NewsBusters: Embarrassing themselves on a daily basis since 2005
Written by Ben Dimiero
Published
NewsBusters' Ken Shepherd sneaks in right before the deadline with the runaway winner for “Worst Example of Purported Liberal Media Bias of the Week.” His latest blockbuster scoop is headlined: MSNBC Promo Narrator Also Does Work for Pro-ObamaCare Group. Take it away, Ken:
But it's not just the on-camera talent that has all the fun cheerleading liberal policies. It seems a promotional ad narrator for MSNBC also does voiceover work for a pro-ObamaCare group, Health Care for America Now (HCAN).
I noticed the HCAN ad at 11:20 a.m. EDT today and worked up a mashup featuring excerpts of the HCAN ad and a promo for tonight's MSNBC programming.
You can watch for yourself, but a quick note for Shepherd: when your video hinges on the premise of people being disturbed by a narrator saying things like “What's MSNBC talking about tonight?” and “MSNBC: The Place for Politics,” you probably don't have much of an argument. Though in Shepherd's defense, I could definitely detect the narrator subliminally encouraging a public option in the way he pronounced “tonight.”

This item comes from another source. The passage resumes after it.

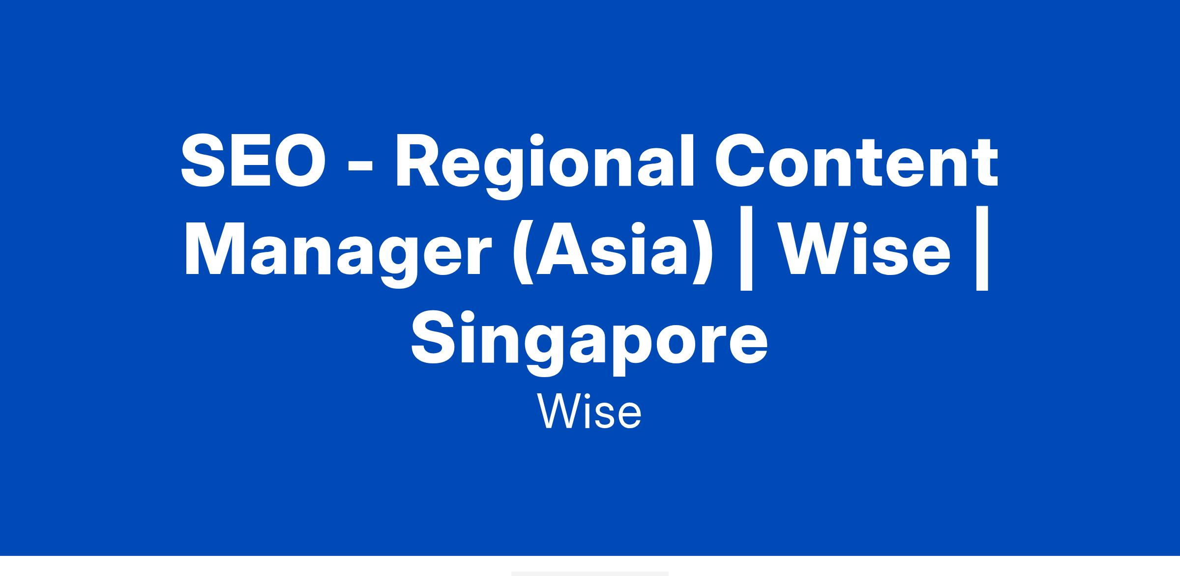 - Own the performance and growth strategy for generating new customers for Wise in Asia

Helpfully, Shepherd does most of the work demolishing the entire point of his post with his final paragraph:
NBC Universal's Alana Russo informed NewsBusters via e-mail that MSNBC's announcers are freelancers, “not in-house staff employees.” Asked if there were any “contractual limitations” barring those freelancers from “doing political ads while under contract with MSNBC,” Russo answered that "[t]hey do not have exclusive contracts with MSNBC."

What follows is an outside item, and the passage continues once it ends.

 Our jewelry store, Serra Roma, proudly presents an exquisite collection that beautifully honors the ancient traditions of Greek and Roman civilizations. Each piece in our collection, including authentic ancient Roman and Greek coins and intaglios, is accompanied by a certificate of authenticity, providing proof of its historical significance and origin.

I have spent the better part of an hour trying to determine how Shepherd thought this was worth posting after receiving a perfectly reasonable response from MSNBC. The narrator is a freelancer. Let's hope Shepherd doesn't hear the same narrator in a promo for Dan Brown's latest DC-based thriller -- he'll be connecting those dots for weeks.
Here at County Fair, we have made it a bit of a cottage industry mocking the blog commonly seen as our counterpart on the right, and with good reason. By comparison, let's have a look at what an actual conflict of interest surrounding health care reform coverage at a major news outlet looks like, courtesy of fellow County Fair blogger Matt Gertz:
Media Matters for America has obtained evidence that CNN contributor Alex Castellanos' political consulting firm, National Media, is the ad buyer for the insurance industry group America's Health Insurance Plan's (AHIP) new ad blitz attacking Democratic health reform plans. CNN has a responsibility to insure that Castellanos' obvious conflict of interest does not tarnish their future coverage of the health care debate.
One of these things is not like the other.